Le Manifeste du parti communiste est sans aucun doute le texte le plus connu, le plus lu et le plus diffusé de Karl Marx. C’est surtout le plus cité dans les mémoires de militants, ce qui donne une idée de son impact sur le mouvement ouvrier. Son succès éditorial ne s’est jamais vraiment démenti, au point qu’on le trouve aujourd’hui en langue française chez plusieurs éditeurs simultanément. Pourtant, son tirage initial n’a pas excédé 500 exemplaires, soit approximativement le nombre d’adhérents de la Ligue des communistes à l’époque.

La rédaction du manifeste fut achevée à Londres en février 1848, c’est-à-dire un mois avant l’éclatement de la révolution en Allemagne. Il fait suite à de nombreux débats au sein de la Ligue des communistes, dont il constitue le programme, entre les partisans de Weitling, son fondateur, et de Marx, un adhérent récent mais dont le rôle est vite devenu déterminant. Sous son impulsion, la ligue a non seulement changé de nom, puisqu’elle s’appelait jusque-là Ligue des Justes, et de formule. Le fameux, Prolétaires de tous les pays, unissez vous, remplace Tous les hommes son frères. Marx soulignait avec ironie qu’il y avait des hommes dont il ne souhaitait pas être le frère. Mais le changement essentiel est la mise en avant du caractère d’organisation de classe du parti communiste. C’était déjà le cas dans les faits, puisque la Ligue des Justes était essentiellement ouvrière, au point que Weitling, son fondateur, se méfiait du journaliste Marx, mais n’était pas affiché de manière aussi fracassante. La formule aura un certain succès.
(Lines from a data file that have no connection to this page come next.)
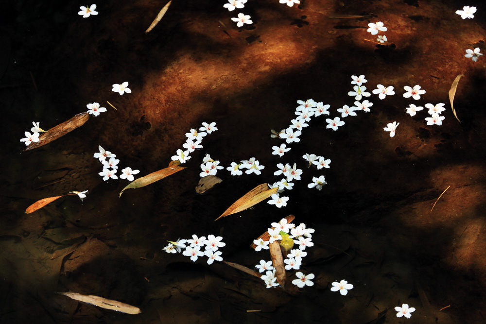 Fallen tung blossoms afloat on the rivers signal the end of spring and the beginning of summer.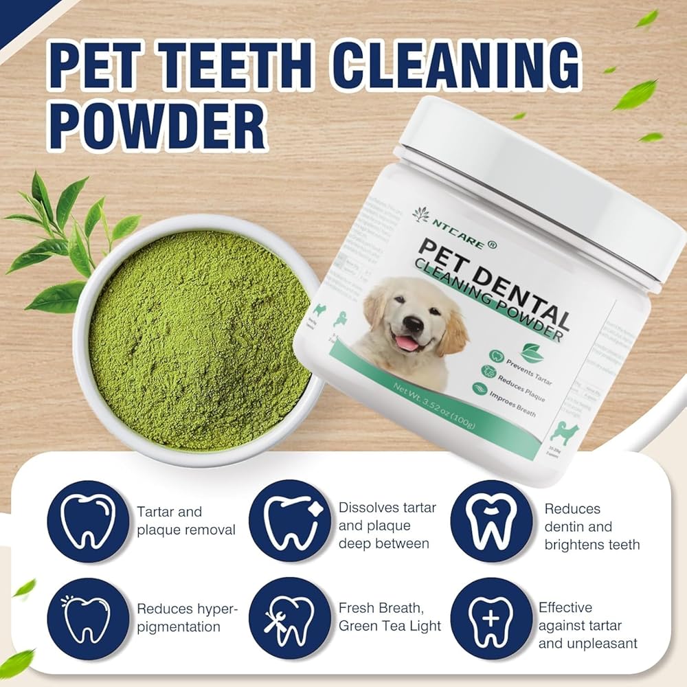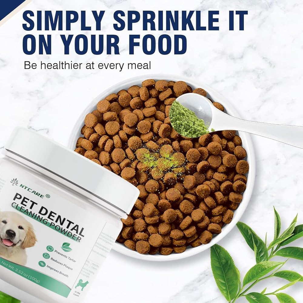 - الصيغة الطبيعية: مسحوق تنظيف الأسنان القائم على الشاي الأخضر مصمم خصيصًا للكلاب والقطط لتعزيز النظافة عن طريق الفم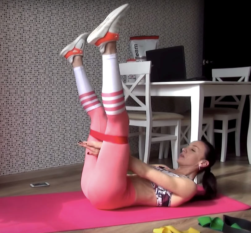 Несколько тренировок с фитнес-резинкой есть у Янелии Скрипник, которая ведет youtube-канал Fitnessomaniya. Все они посвящены главным женским участкам тела: бедрам и ягодицам. Вы можете чередовать их или объединить в одну супер-эффективную программу на 45 минут. В этом видео на 13 минут включены приседания, переставной шаг, мостик, подъем ног лежа на боку, ножницы.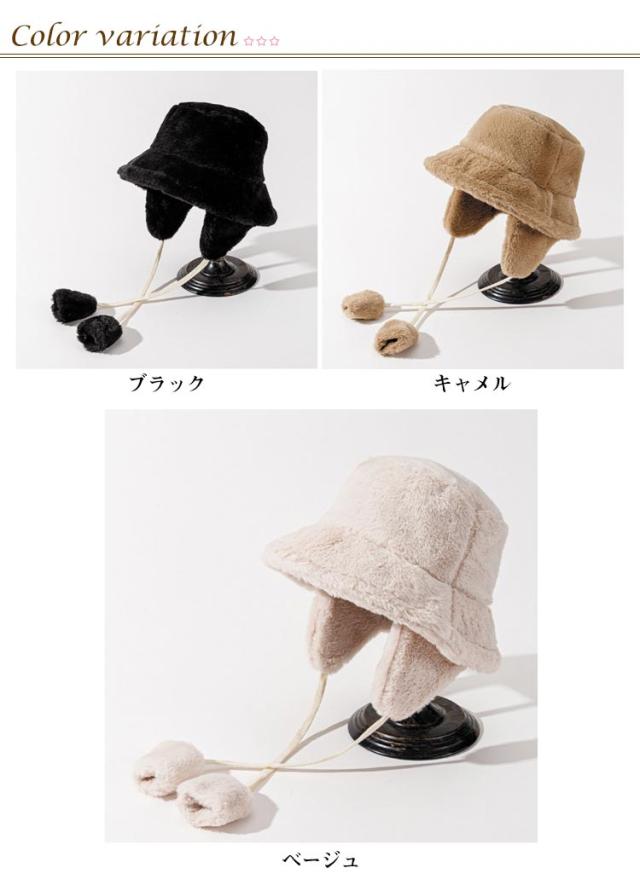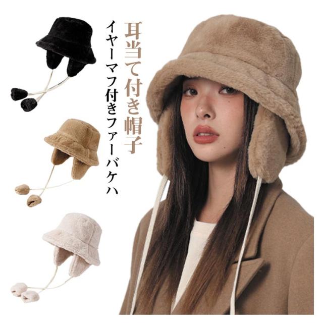 バケットハット レディース 冬 もこもこ 帽子 ハット イヤーマフ 2way 取り外し可 フェイクファー 無地 防寒 あったか おしゃれ かわいい ふわふわ 折りたたみ 耳当て コンパクト 紐 調節 カジュアル シンプル デイリー 韓国 コーデ アウトドア キャンプ イアマフ 秋冬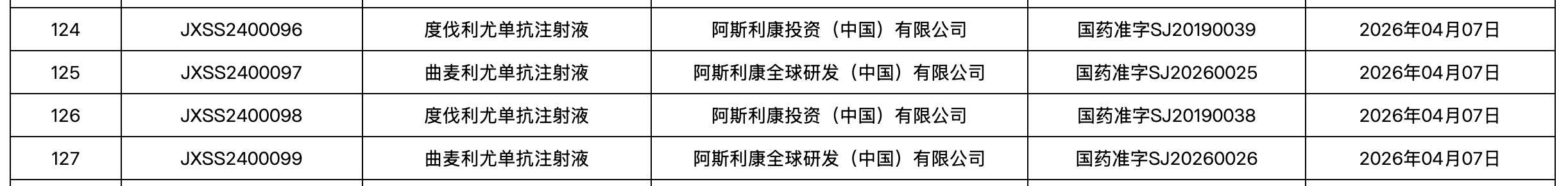 4 月 10 日,NMPA 官网显示,阿斯利康度伐利尤单抗(PD-L1)和曲麦利尤单抗(CTLA4)联合疗法在国内获批上市。根据该药物此前国外获批适应症和临床研究,Insight 数据库推测该适应症是两药联合用于一线治疗驱动基因阴性的非小细胞肺癌(受理号:JXSS2400096/7/8/9)。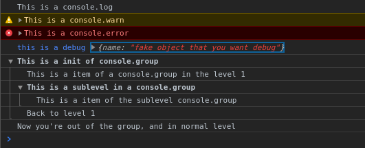 | console.debug("this is a debug", {name: "fake object that you want debug"}) | |

Sous l’impulsion de Marx, la Ligue change surtout d’orientation et de méthode : elle est moins conspirative, plus propagandiste, plus démocratique dans son fonctionnement comme dans ses projets, et surtout, se dote d’une analyse de la situation actuelle et de perspectives immédiates : c’est précisément le rôle attribué au Manifeste. Son titre, Manifeste du parti communiste, va servir ici de grille d’analyse pour exposer son contenu et ce qu’il contient encore d’actuel.

Manifeste

La première version de ce qui est devenu le Manifeste prenait la forme d’un catéchisme, c’est-à-dire d’une série de questions et de réponses, selon une forme de texte alors courante pour exposer un programme politique. Engels, chargé de sa rédaction, finit par renoncer, faute de trouver comment inclure les questions historiques sous cette forme. Marx reprit alors la rédaction sous sa forme actuelle, même si la comparaison du brouillon d’Engels et du Manifeste révèle de nombreux emprunts.
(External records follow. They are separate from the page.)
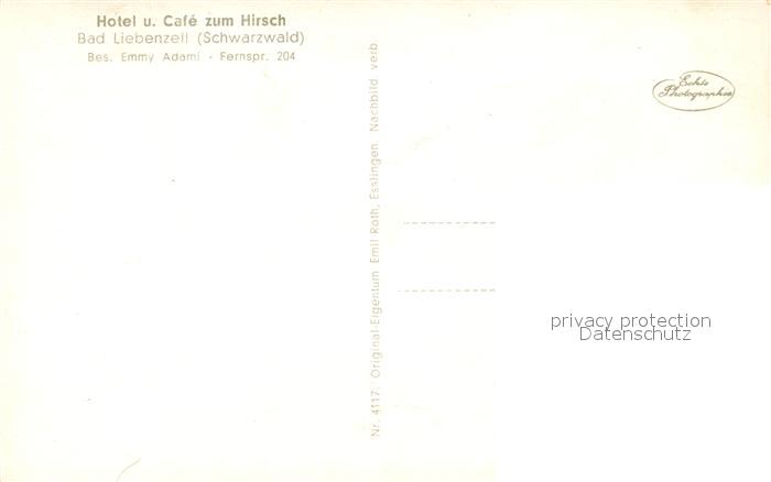 43190914 Bad Liebenzell Hotel Cafe zum Hirsch Kurort im Schwarzwald postalisch nicht gelaufen Erhaltung siehe scans [FriedD77] KatCode: 11110008235008
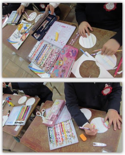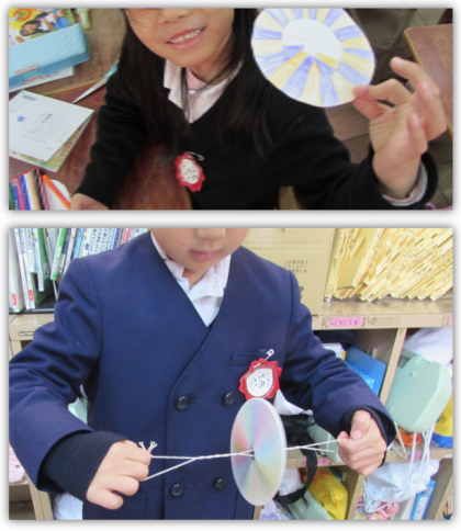 1年生の生活科の学習です。ぶんぶんごまを作って、遊びました。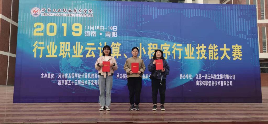 本站讯 近日,2019年行业职业云计算、小程序行业技能大赛于11月16日在河南南阳举办,365官网信息工程学院代表队获得二等奖

Ces questions historiques vont donner la forme particulière du Manifeste, dont le premier tiers trace une longue geste de la lutte de classe entre la bourgeoisie et la société féodale, puis entre cette bourgeoisie et le prolétariat. Cette partie a souvent été lue comme une apologie du rôle révolutionnaire de la bourgeoisie, et c’est bien le cas : Marx, dans toute son œuvre, ne manque jamais de souligner que la bourgeoisie, contrainte de révolutionner sans cesse moyens et rapports de production, développe toujours plus les conditions de sa propre abolition, du dépassement de la société de classes.

Il faut replacer cette partie dans le contexte dans lequel Marx a vécu, écrit et milité jusque-là, dans une Allemagne encore éclatée en multiples principautés, sans marché unifié, où la vieille aristocratie foncière et militaire joue un rôle important, où l’absolutisme prussien écrase la société civile. Ce qu’il a en vue, ce sont les transformations provoquées par les révolutions anglaises au XVIIe siècle, puis américaines et françaises au XVIIIe siècle, qui ont écartées les obstacles féodaux au développement du capitalisme et de la classe ouvrière. C’est une idée souvent répétée, notamment dans la préface du Capital, souvent citée et débattue : « Lors même qu’une société est arrivée à découvrir la piste de la loi naturelle qui préside à son mouvement, et le but final de cet ouvrage est de dévoiler la loi économique du mouvement de la société moderne, elle ne peut ni dépasser d’un saut ni abolir par des décrets les phases son développement naturel ; mais elle peut abréger la période de la gestation, et adoucir les maux de leur enfantement. »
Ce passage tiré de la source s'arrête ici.